Sila buktikan atau cari sumber ilmiah yang mengatakan ritual itu bisa meningkatkan mental mahasiswa. Yang ada malah sebaliknya: bikin trauma.

Pengalaman menjadi mahasiswa baru setiap mahasiswa punya cerita berbeda-beda. Apalagi mereka yang gemar mengikuti organisasi tertentu dengan cita-cita sederhana: menjadi aktivis kampus. Namun dalam mula perjalanannya tidak semulus ajakan omongan para senior bahwa mereka akan menjadi kader terdidik yang manusiawi, melainkan mendapat jauh dari sifat manusia. Saya pernah mengalami--sewaktu mengikuti organisasi tertentu--tindakan diskriminasi oleh senior. Jujur saja, saya mendapat perlakuan jauh dari manusiawi! Bahkan satu senior menghalang saya untuk tidak melaksanakan ritual sholat! Ini sudah melampaui batas. Orang yang berbeda agama pun belum tentu sekeras ini. Sebagai orang beragama saya tentu butuh sembahyang menghadap Tuhan. 

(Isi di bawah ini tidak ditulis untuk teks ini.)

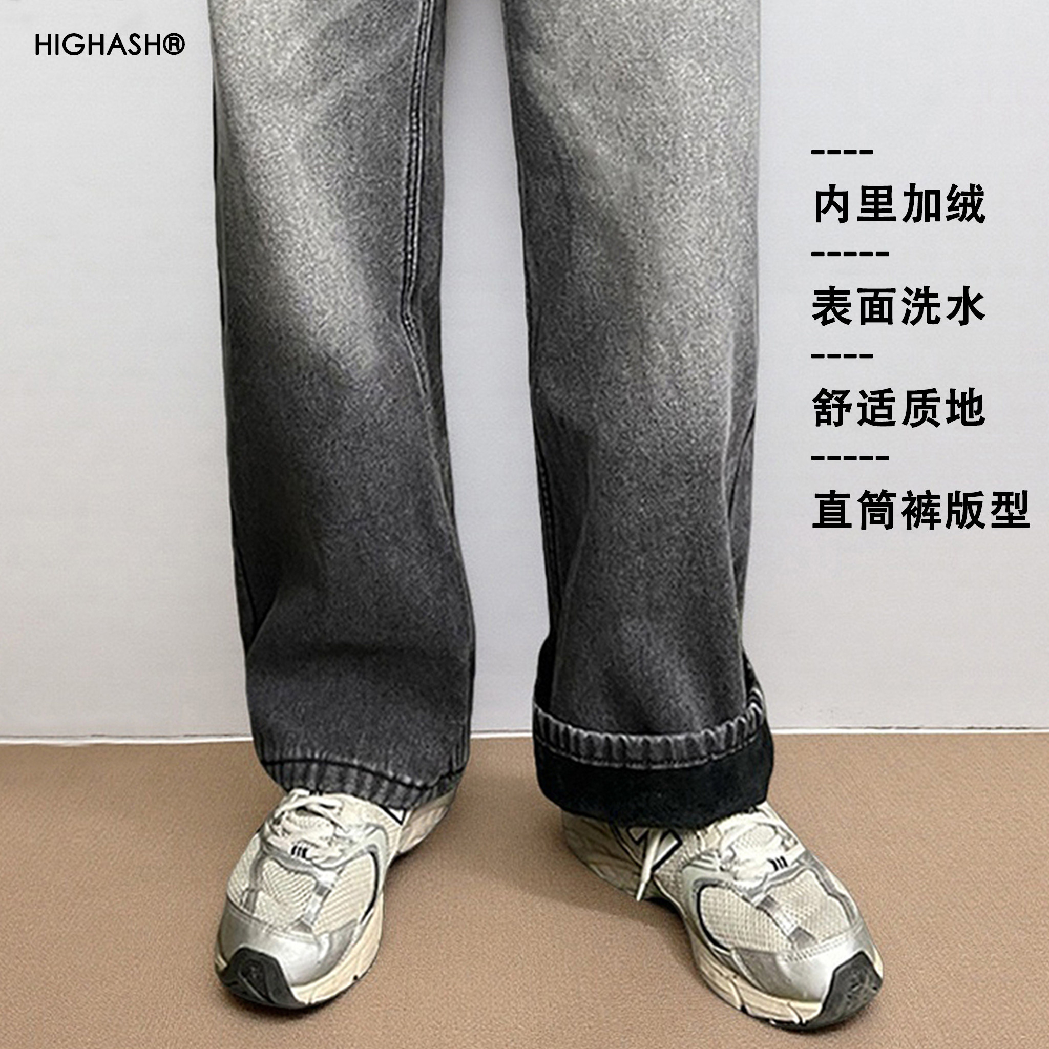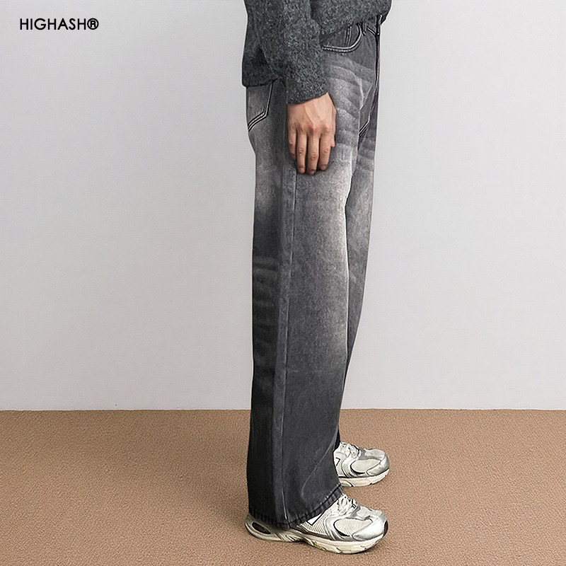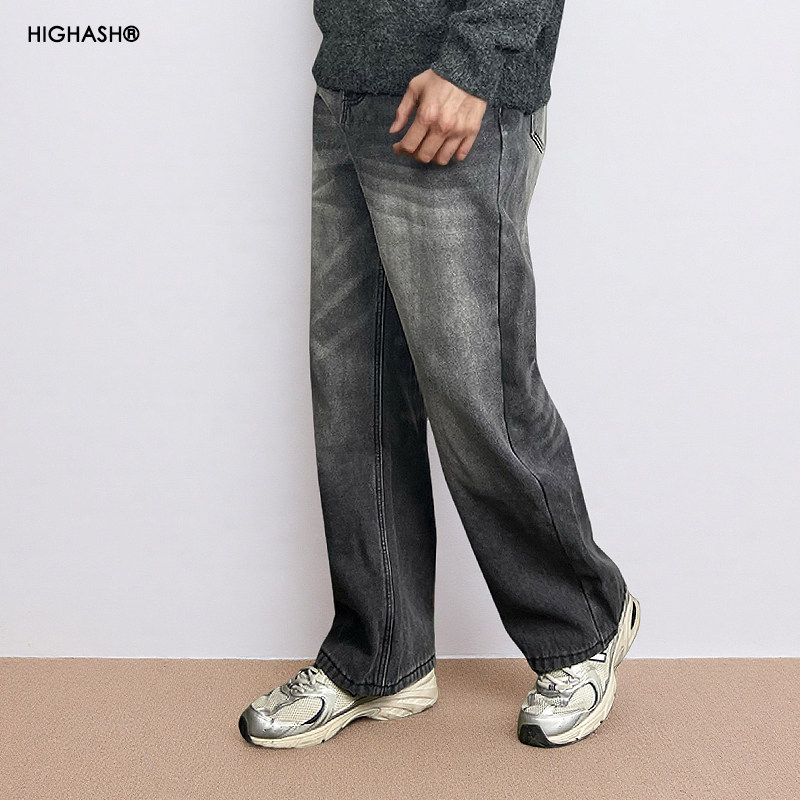 复古直筒牛仔裤 HIGHASH加绒保暖洗水休闲慵懒风灰色男长裤 美式
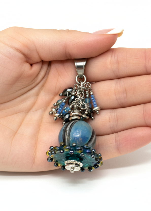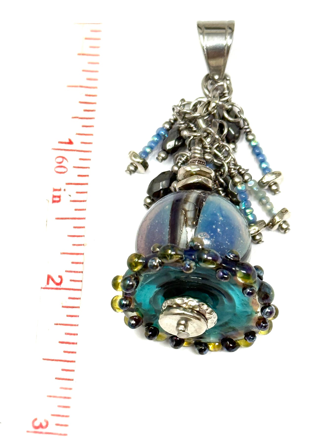 • Dimensions: Lampwork glass focal bead approximately 1" long; total pendant length including bail and cluster approximately 2.5"
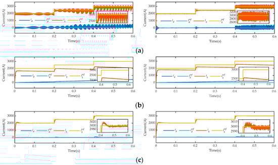 The I-DPCC algorithm is sensitive to delay. When there is no parameter mismatch, the control performance with or without delay compensation is verified by the joint simulation platform. The propulsion system is set to start with a constant q-axis current of 2000 A at 0.1 s, and reduced to 0 at 0.5 s. As shown in Figure 9, when the delay compensation is not considered, the current has a large overshoot at the moment of response. After delay compensation, the overshoot amplitude of the current is reduced by more than 80%, the response is fast and tracking is stable.
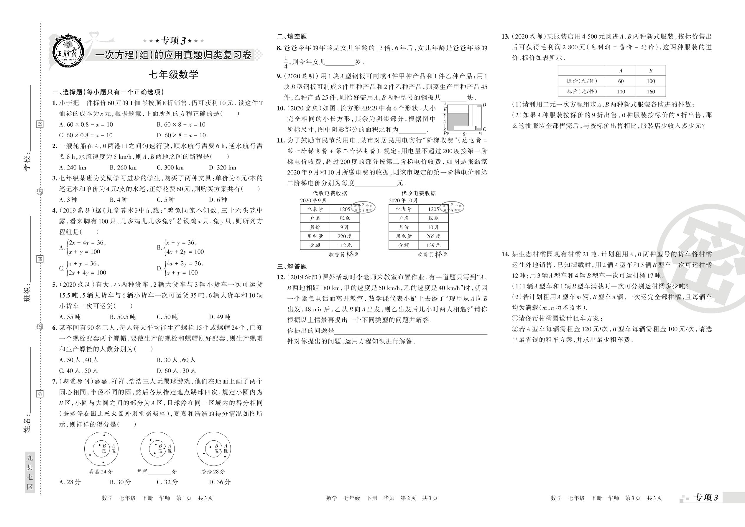 王朝霞期末专项卷——一次方程(组)的应用、一元一次不等式(组)的认识与解法真题归类复习七年级下册数学(华师版)【2】
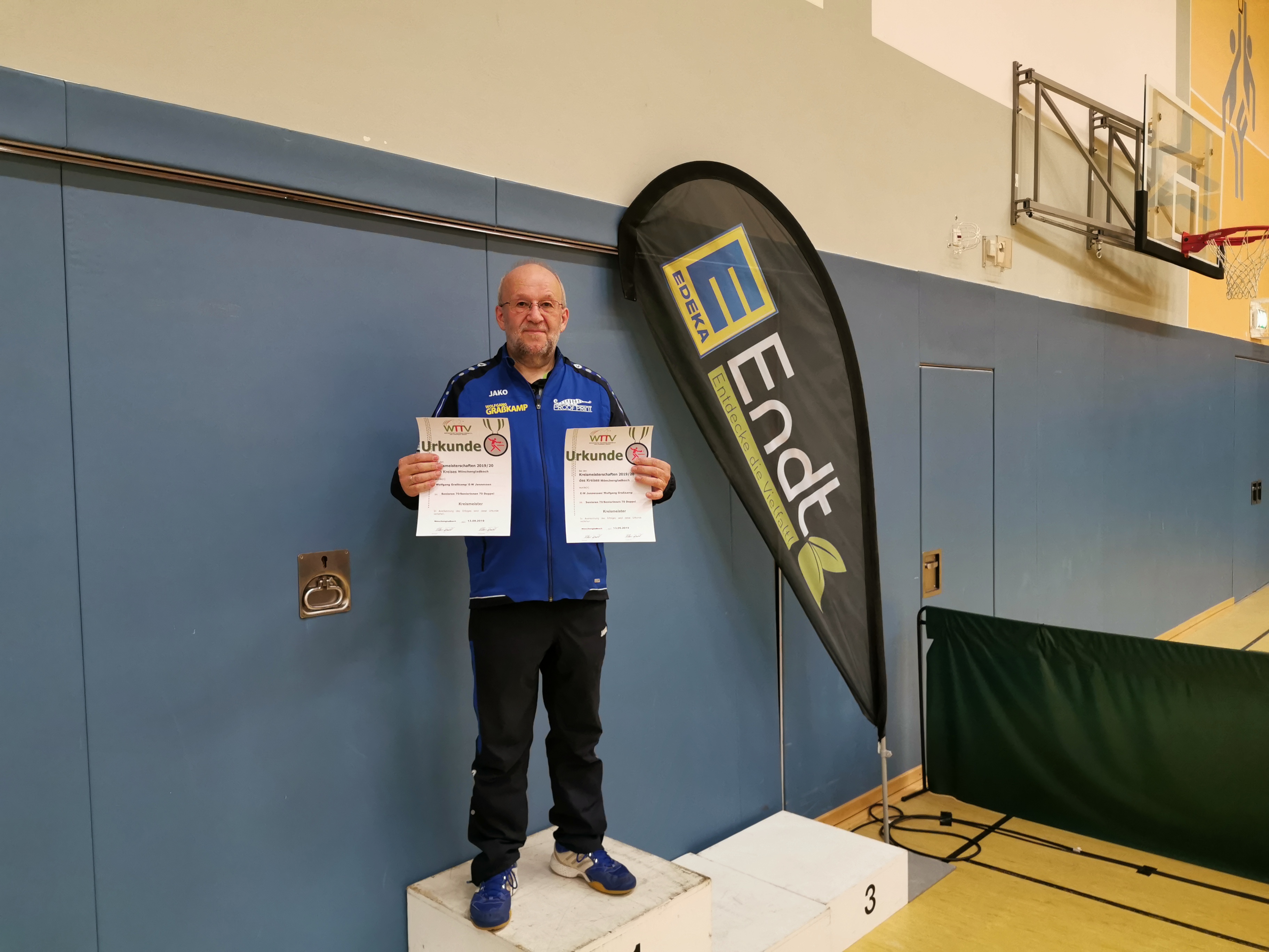 Dank des Mönchengladbachers Joachim Würz wurde die Konkurrenz der Senioren 70 keine vereinsinterne Angelegenheit des Ausrichters TuS Rheydt-Wetschewell: Von den sechs Startern waren gleich fünf des gastgebenden Vereins gemeldet. Am Verlauf konnte Würz allerdings wenig verändern, denn nach zwei Spielen war Schluss für ihn. Der Rheydt-Wetscheweller Wolfgang Graßkamp hingegen zeigte viermal Können, Cleverness und Nervenstärke: Mit vier Siegen, von denen er drei im Entscheidungssatz errang, gewann er den Kreismeistertitel in der 70er Konkurrenz. Bei den Senioren 80 siegte Werner Effertz (JTTC Hochneukirch), genau wie Graßkamp ebenfalls mit einer 4:0-Bilanz. Im Doppel holten die Brüder Walter und Herbert Göbels (TTC BW Kipshoven/TTC Arsbeck) sich Platz eins.
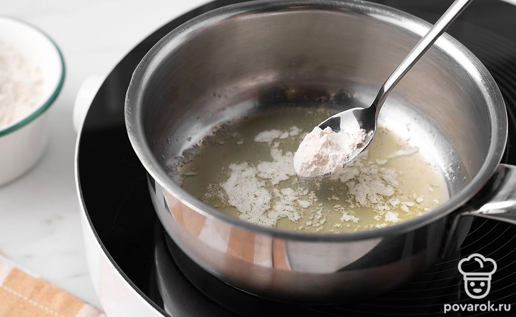 Поставьте сотейник на средний огонь, положите в него 0,5 ст.л. сливочного масла и растопите его до жидкого состояния. Всыпьте в масло 0,5 ч.л. муки, хорошо перемешайте.
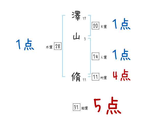 澤山脩さんの画数の鑑定結果
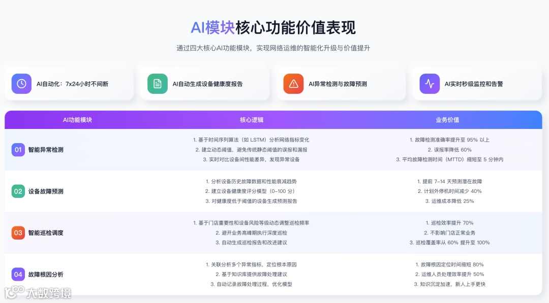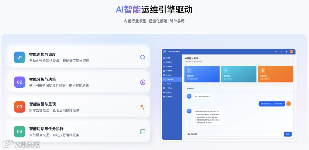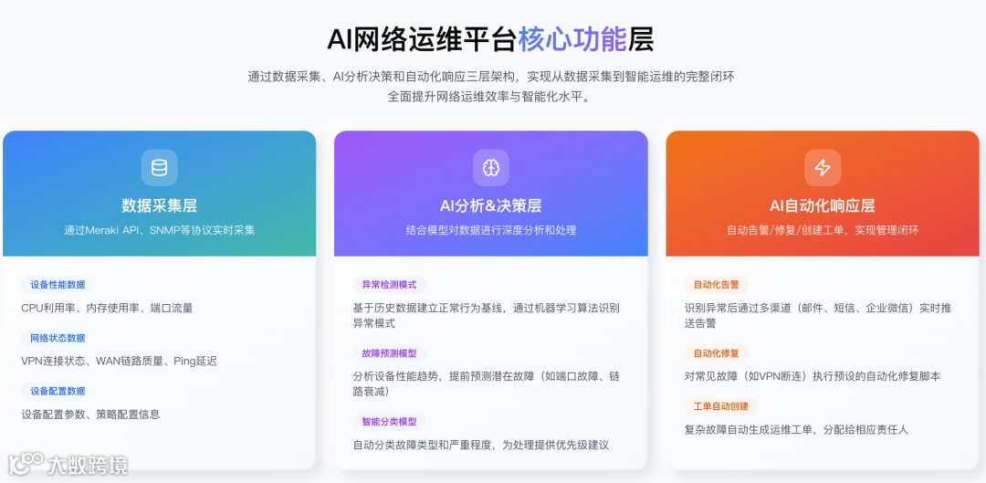 商派AI-NetDevOps平台通过AI驱动实现网络设备全流程智能化管理,核心功能如下:
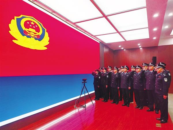 1月8日,周口市中级人民法院司法警察支队开展向警旗宣誓活动。通过重温入警誓词,让全体司法警察牢记自身肩负的责任和使命。通讯员 李书永 摄
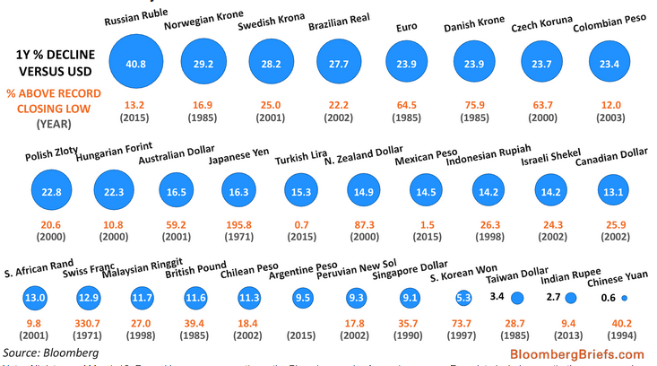 Valutabevegelser, spesielt styrkingen av amerikanske dollar, har vært det førende temaet for alle finansmarkeder de siste månedene. Det kan herske liten tvil om at vi nå er midt inne i en valutakrig. Årsaken til det er at de fleste land i verden bygde opp for mye gjeld i perioden fra årtusenskiftet. Den gang hadde man langt høyere vekstforventninger og gjelden virket ikke så problematisk. Forskning fra etter finanskrisen viser imidlertid at normalveksten blir lavere dersom total gjeld når et visst nivå. Resultatet er at store deler av verden, akkurat nå spesielt Europa, sliter med lav vekst og fall i prisnivået.
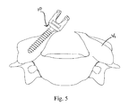FIG. 5 is a view of an embodiment wherein portions of a vertebra have been truncated prior to trans-lamina delivery and positioning of the fixation assembly.

Syahdan, saya keluar dari organisasi itu. Pikir sederhana saya: masih banyak jalan lain untuk mengembangkan diri, dan berbakti kepada negeri yang saya cintai ini. Tak melulu harus ikut organisasi. Tak melulu harus jadi mahasiswa. Tak melulu harus jadi aktivis kampun. Berbuat baik kepada sesama manusia tanpa mengenal ras, suku, agama bahkan sudah termasuk berbakti kepada negeri ini. Sesederhana itu! Memberi kenyamanan dan ketenteraman bagian dari berbakti kepada ibu pertiwi. Sesederhana itu! Jangan sampai status mahasiswa menjadikan anda sebagai manusia yang memiliki moralitas palsu. Sebab, menjadi akademisi tak se-receh yang dilakukan kepada sesama pemelajarnya. 

Anda yang sudah jadi aktivis kampus tapi masih berbuat onar di lingkungan masyarakat apa gunanya? Anda seorang organisatoris tapi masih gagap peka diri apa gunanya? Anda seorang intelektual tapi tak mampu menempatkan orang bawahan untuk anda junjung tinggi derajatnya apa gunanya? Anda yang senior merasa lebih intelektual daripada anak yang baru masuk dunia kampus apa gunanya? Toh belum tentu anda lebih intelektual dari pada mereka, para maba itu. 

Mereke para senior seenaknya memperlakukan kami (maba atau anggota baru) dengan cara tak berperikemanusiaan! Setelah mereka melakukan kekerasan itu dengan entengnya mereka "meminta maaf". 

Anda tahu, setiap orang memiliki karakter yang berbeda-beda. Untuk orang yang mudah memaafkan akan dengan senang hati memaafkan perilaku bangsat mereka. Tapi tidak dengan mereka yang sulit memaafkan kesalahan orang lain malah justru sifat "pendendam" akan tertanam subur di benak kepala. Sebab, tak semua dari mereka menerima perlakuan brengsek itu!

Kasus pembunuhan di Indonesia cukup banyak. Tak perlu saya urai datanya, anda dan saya pasti tahu itu. Satu sebab mereka melakukan pembunuhan adalah karena "dendam". Ya, dendam ... bisa jadi para junior itu kelak akan membalas "perlakuan keparat" itu setelah mereka berada di luar kampus, dan kemungkinan yang akan terjadi, minimalnya, perkelahian. Penyakit dendam ini panas kalau tidak sampai terbalaskan. 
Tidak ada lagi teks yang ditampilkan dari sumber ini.